WORK INSTRUCTION
Write out an exact copy of the line containing "バスを降り,船に乗りました。" and all lines that follow it in the data below, leaving out pictures.

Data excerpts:
========================

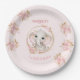 Cute Elephant Pink Flowers Roses Birthday Girl Paper Plate
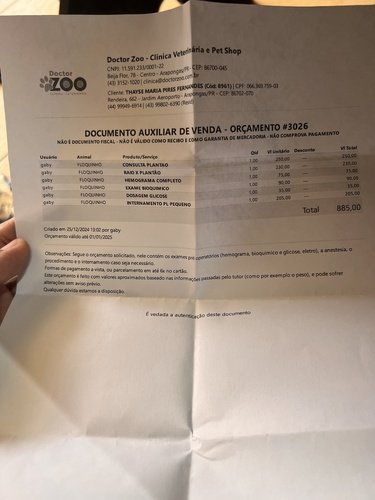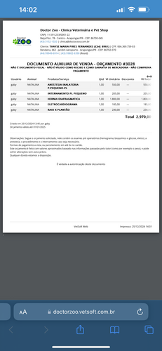Na primeira foto o nome está Floquinho pq eu tive que dar um nome pra dar entrada no veterinário, o segundo orçamento está como Natalina pq viram que era uma fêmea e eu troquei o nome, mas os 2 orçamentos são da mesma cachorrinha, só ver os horários.
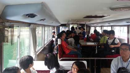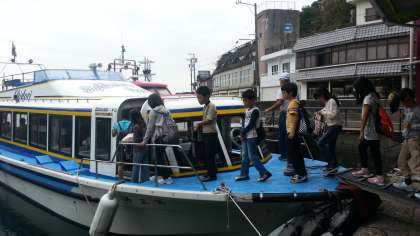 バスを降り,船に乗りました。
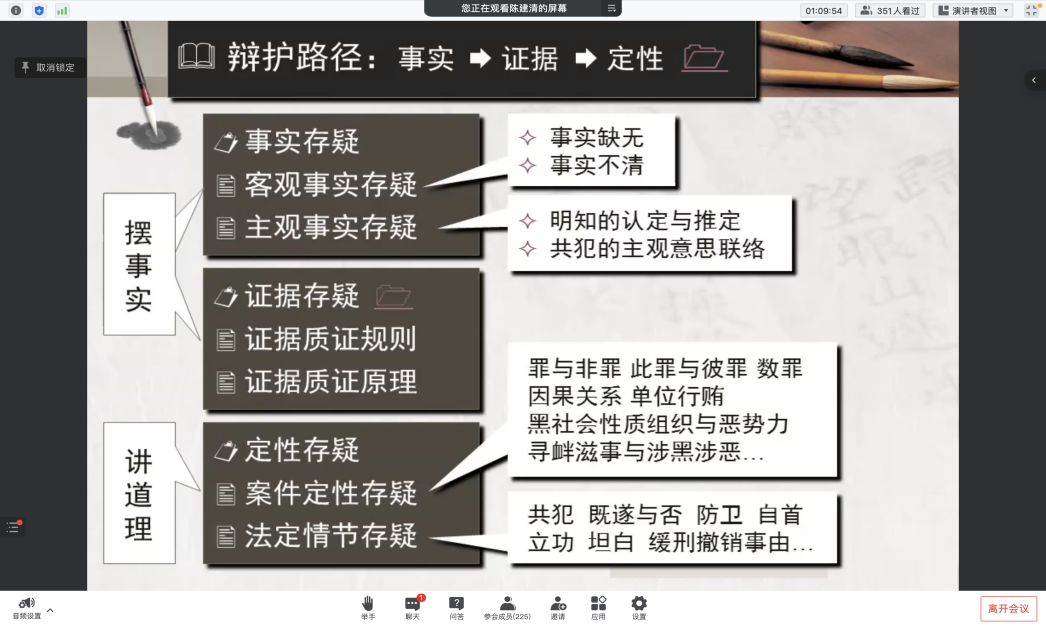 针对辩护路径,陈教授从事实存疑、证据存疑和定性存疑三个角度进行分析。其中,对于事实存疑案件,包含客观事实存疑和主观事实存疑;对于证据存疑案件,包含证据质证规则和证据质证原理;对于定性存疑案件,包含案件定性存疑和法定情节存疑。
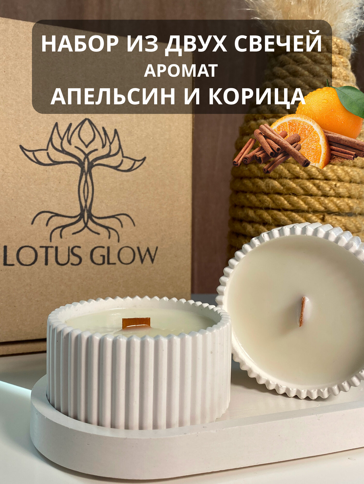 Набор ароматических свечей шкатулка в гипсе, свечи ароматические аромат "Апельсин и корица", Lotus Glow информация:
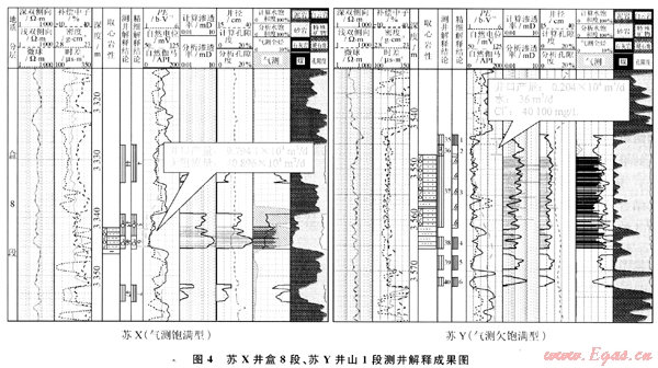 蘇X井盒8段(圖4),峰形飽滿,全烴顯示厚度比儲(chǔ)層厚度大,氣測(cè)解釋為氣層,電測(cè)解釋氣層,綜合分析解釋為氣層,試氣獲無阻流量9.7914×104m3/d的工業(yè)氣流。蘇Y井山1段(圖4),全烴峰值顯示較低,峰形不飽滿,全烴顯示厚度小于儲(chǔ)層厚度,氣測(cè)解釋為氣水同層,電測(cè)解釋為差氣層,綜合分析為氣水同層。經(jīng)測(cè)試井口產(chǎn)量0.035 4×104m3/d,水36m3/d,驗(yàn)證了利用聲波時(shí)差 電阻率圖版法與氣測(cè)綜合分析判斷識(shí)別氣水層的準(zhǔn)確性。
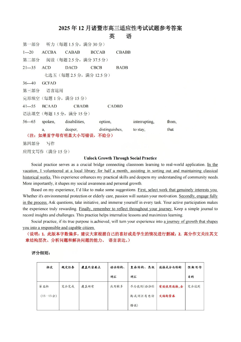 诸暨市2025年12月高三诊断性考试试题 英语答案.pdf
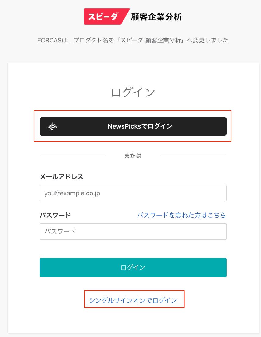 スピーダ 顧客企業分析へは、NewsPicks ID もしくはシングルサインオンにてログインを行います。
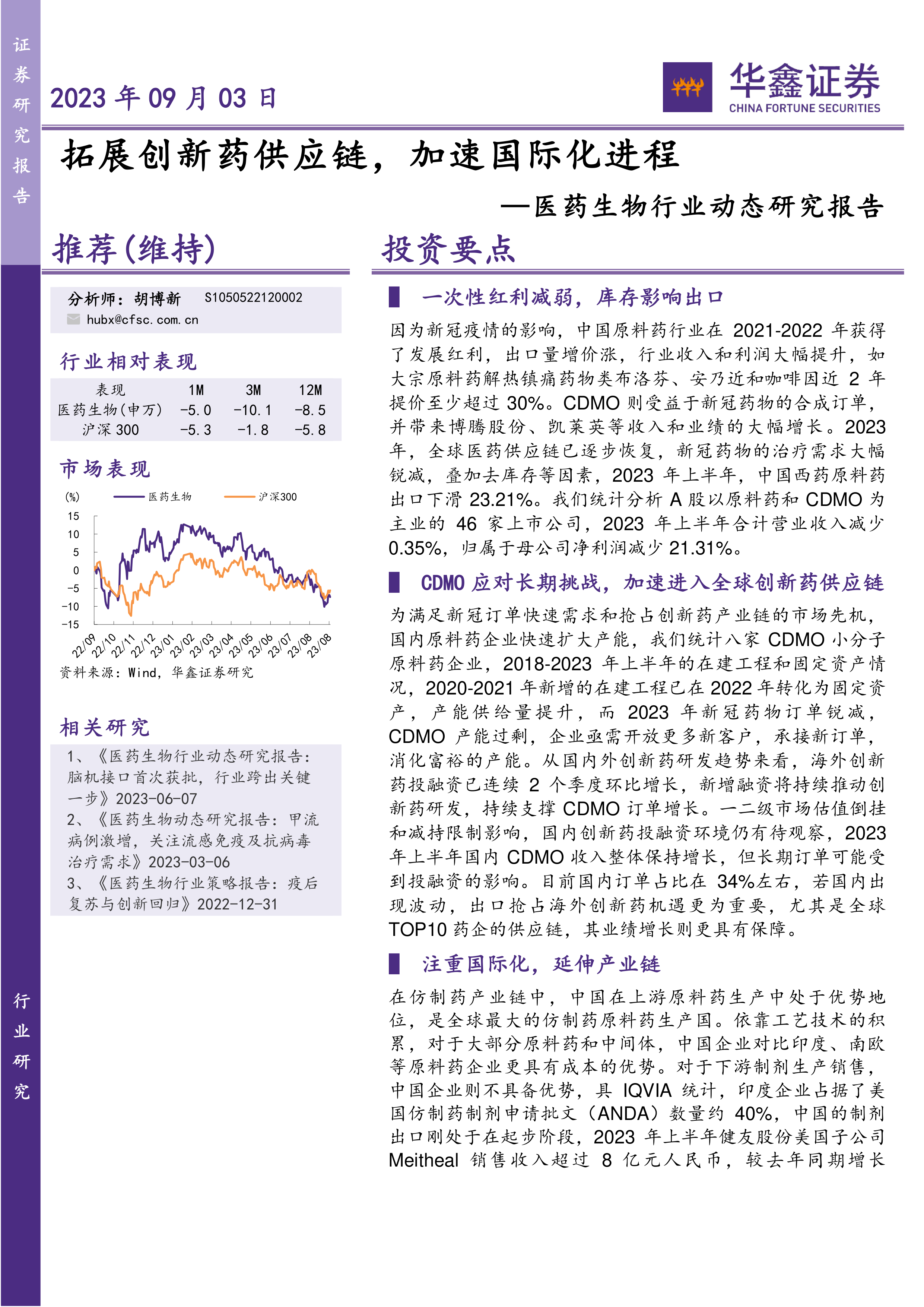 医药生物行业动态研究报告:拓展创新药供应链,加速国际化进程
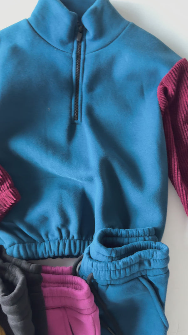 تضمن مجموعة البدلة الرياضية ذات الجيب المخملي للأطفال أن يكون طفلك مرتاحًا وأنيقًا في جميع الأوقات. بفضل قماشها المخملي الناعم وتصميمها العصري، ستكون هذه البدلة الرياضية قطعة لا غنى عنها في خزانة ملابس طفلك. أضفه إلى عربة التسوق الخاصة بك الآن وامنح طفلك الأناقة والراحة معًا!
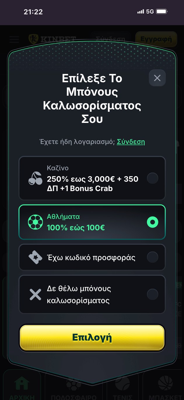 Βήμα 1ο: Επισκεφτείτε το σάιτ της KinBet και πατήστε το κουμπί “Εγγραφή” που θα δείτε πάνω δεξιά στην κεντρική σελίδα. Θα σας ανοίξει ένα παράθυρο στο οποίο θα πρέπει να επιλέξετε το μπόνους καλωσορίσματος. Αν δε θέλετε να πάρετε την προσφορά εγγραφής, απλώς τικάρετε την αντίστοιχη επιλογή. Αν θέλετε να πάρετε το μπόνους, τότε πρέπει να διαλέξετε ανάμεσα στην προσφορά για το αθλητικο στοίχημα και την προσφορά για το καζίνο – η KinBet λειτουργεί και σαν διαδικτυακό καζίνο. Επίσης, αν έχετε promo code μπορείτε να τον εισάγετε σε αυτό το σημείο. Μόλις επιλέξετε, πατήστε το κουμπί για να προχωρήσετε στο επόμενο βήμα
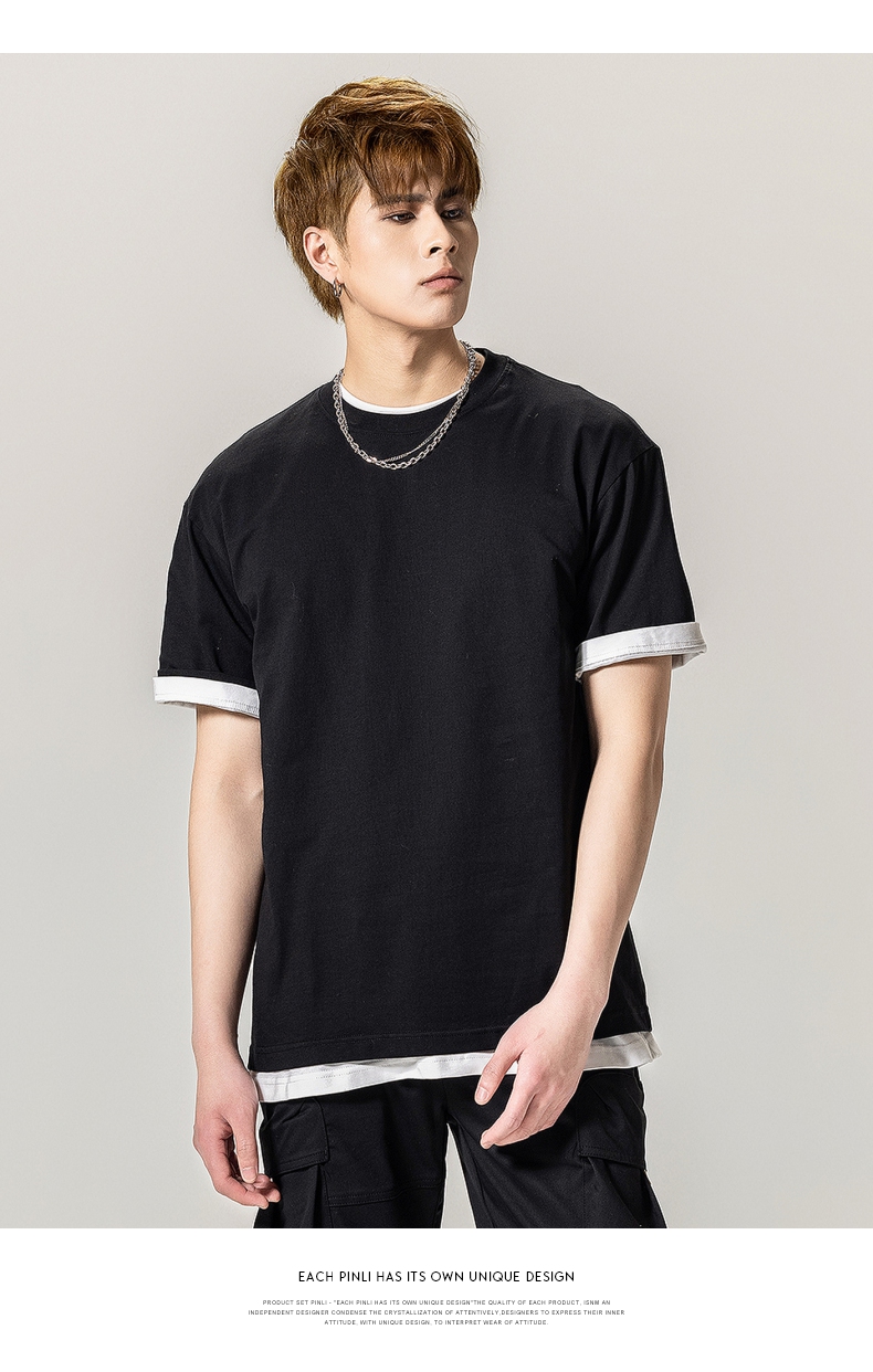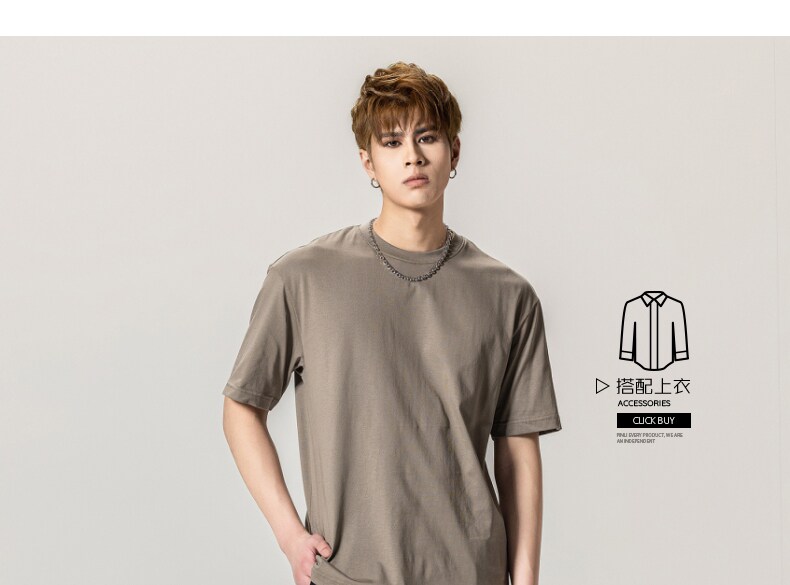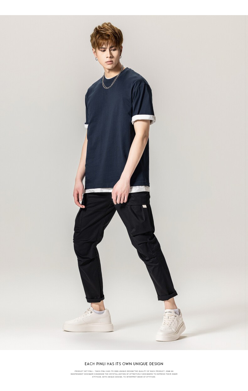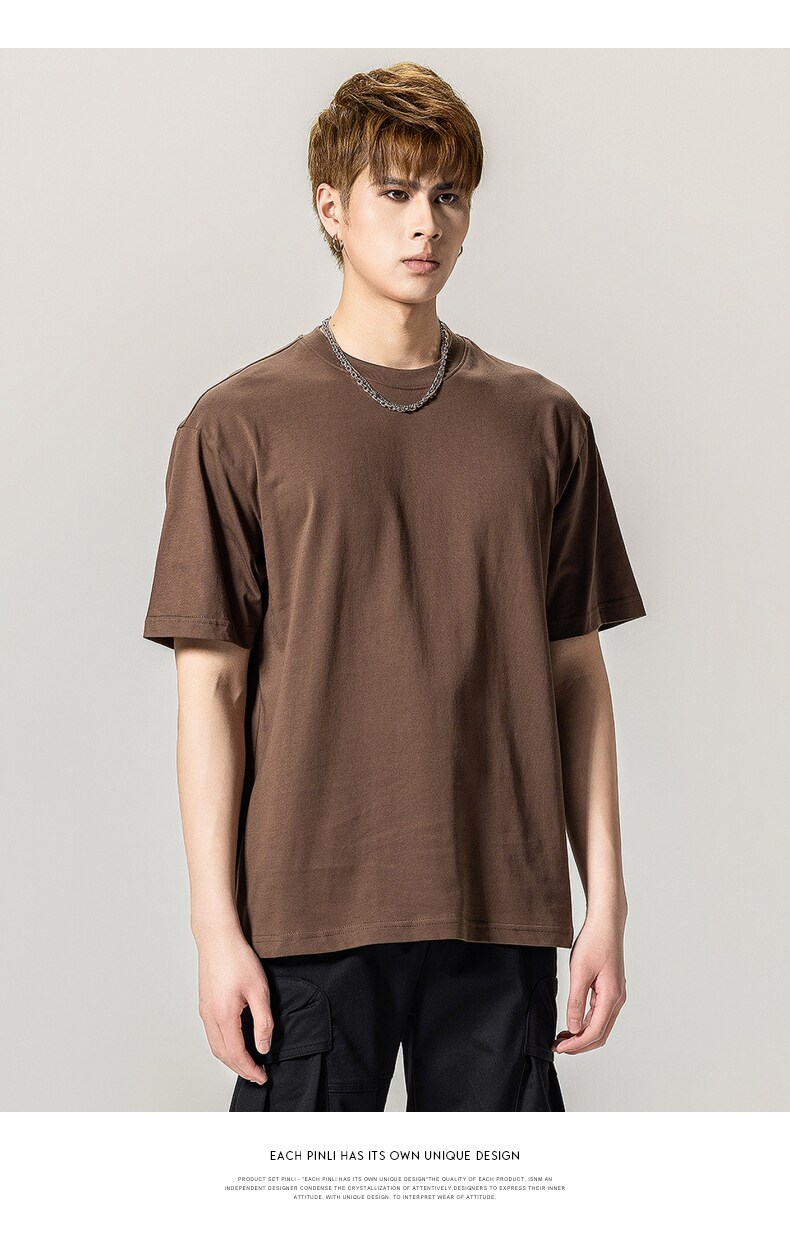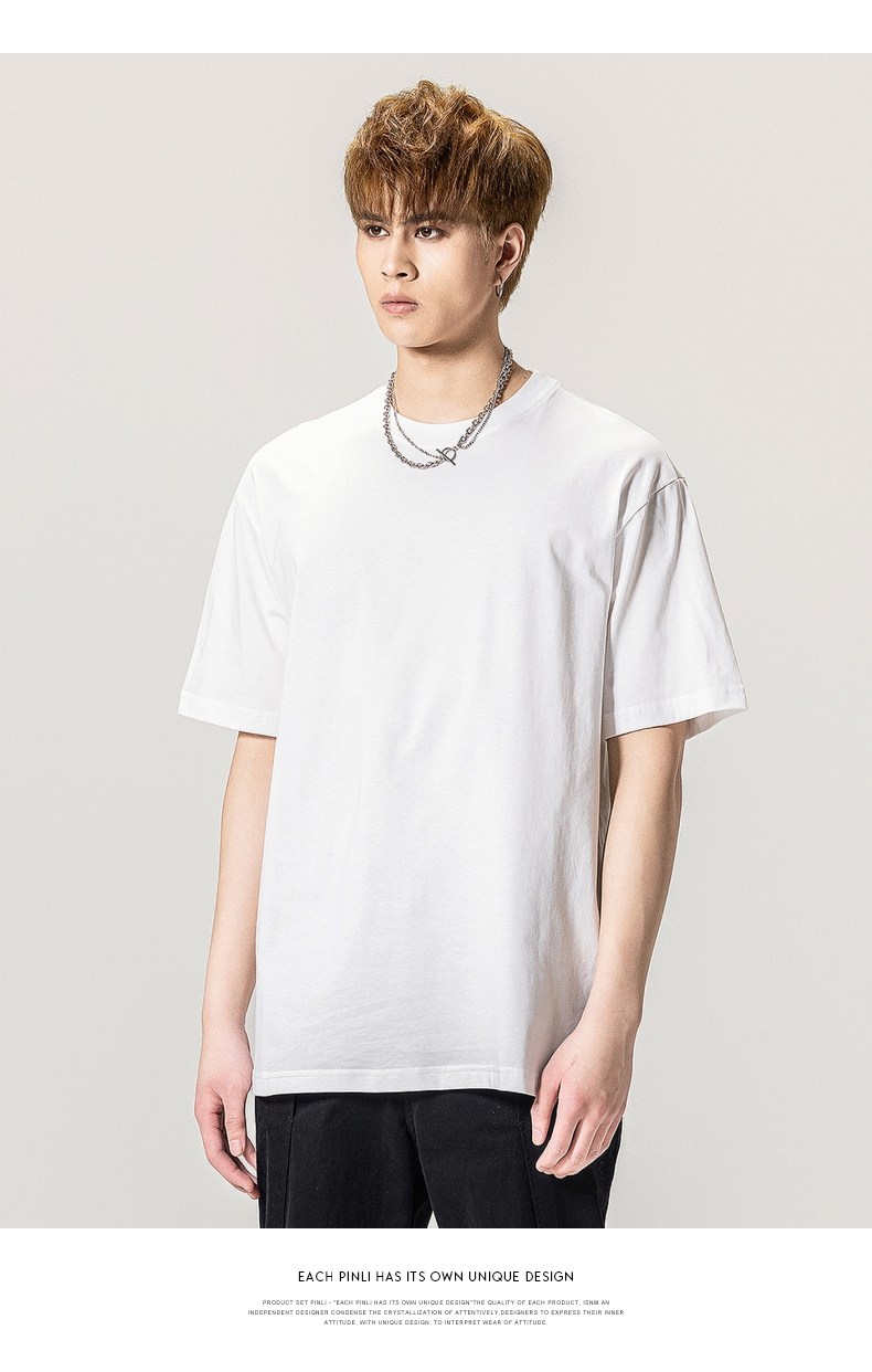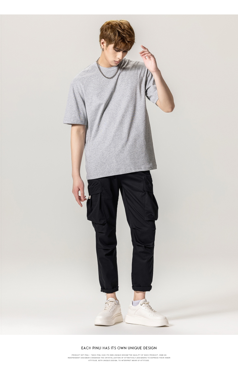 PINLI品立夏季新款男士圆领落肩纯色短袖T恤打底衫GD231111021
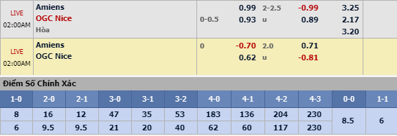 Tổng bàn thắng cả trận: Tình thế đã rất khác so với mùa giải năm ngoái. Nice đang sa sút và trở về đúng hình ảnh vốn có của họ với một đội bóng trung bình tại Ligue 1. Trong khi đó, Amiens chưa ghi được bàn thắng nào từ đầu mùa. Do đó rất khó để hy vọng vào kịch bản tưng bừng bàn thắng. Chọn Dưới 2 1/4 bàn cả trận.

========================

YOUR RESPONSE
 バスを降り,船に乗りました。
 针对辩护路径,陈教授从事实存疑、证据存疑和定性存疑三个角度进行分析。其中,对于事实存疑案件,包含客观事实存疑和主观事实存疑;对于证据存疑案件,包含证据质证规则和证据质证原理;对于定性存疑案件,包含案件定性存疑和法定情节存疑。
 Набор ароматических свечей шкатулка в гипсе, свечи ароматические аромат "Апельсин и корица", Lotus Glow информация:
 蘇X井盒8段(圖4),峰形飽滿,全烴顯示厚度比儲(chǔ)層厚度大,氣測(cè)解釋為氣層,電測(cè)解釋氣層,綜合分析解釋為氣層,試氣獲無阻流量9.7914×104m3/d的工業(yè)氣流。蘇Y井山1段(圖4),全烴峰值顯示較低,峰形不飽滿,全烴顯示厚度小于儲(chǔ)層厚度,氣測(cè)解釋為氣水同層,電測(cè)解釋為差氣層,綜合分析為氣水同層。經(jīng)測(cè)試井口產(chǎn)量0.035 4×104m3/d,水36m3/d,驗(yàn)證了利用聲波時(shí)差 電阻率圖版法與氣測(cè)綜合分析判斷識(shí)別氣水層的準(zhǔn)確性。
 诸暨市2025年12月高三诊断性考试试题 英语答案.pdf
 スピーダ 顧客企業分析へは、NewsPicks ID もしくはシングルサインオンにてログインを行います。
 医药生物行业动态研究报告:拓展创新药供应链,加速国际化进程
 تضمن مجموعة البدلة الرياضية ذات الجيب المخملي للأطفال أن يكون طفلك مرتاحًا وأنيقًا في جميع الأوقات. بفضل قماشها المخملي الناعم وتصميمها العصري، ستكون هذه البدلة الرياضية قطعة لا غنى عنها في خزانة ملابس طفلك. أضفه إلى عربة التسوق الخاصة بك الآن وامنح طفلك الأناقة والراحة معًا!
 Βήμα 1ο: Επισκεφτείτε το σάιτ της KinBet και πατήστε το κουμπί “Εγγραφή” που θα δείτε πάνω δεξιά στην κεντρική σελίδα. Θα σας ανοίξει ένα παράθυρο στο οποίο θα πρέπει να επιλέξετε το μπόνους καλωσορίσματος. Αν δε θέλετε να πάρετε την προσφορά εγγραφής, απλώς τικάρετε την αντίστοιχη επιλογή. Αν θέλετε να πάρετε το μπόνους, τότε πρέπει να διαλέξετε ανάμεσα στην προσφορά για το αθλητικο στοίχημα και την προσφορά για το καζίνο – η KinBet λειτουργεί και σαν διαδικτυακό καζίνο. Επίσης, αν έχετε promo code μπορείτε να τον εισάγετε σε αυτό το σημείο. Μόλις επιλέξετε, πατήστε το κουμπί για να προχωρήσετε στο επόμενο βήμα
 PINLI品立夏季新款男士圆领落肩纯色短袖T恤打底衫GD231111021
 Tổng bàn thắng cả trận: Tình thế đã rất khác so với mùa giải năm ngoái. Nice đang sa sút và trở về đúng hình ảnh vốn có của họ với một đội bóng trung bình tại Ligue 1. Trong khi đó, Amiens chưa ghi được bàn thắng nào từ đầu mùa. Do đó rất khó để hy vọng vào kịch bản tưng bừng bàn thắng. Chọn Dưới 2 1/4 bàn cả trận.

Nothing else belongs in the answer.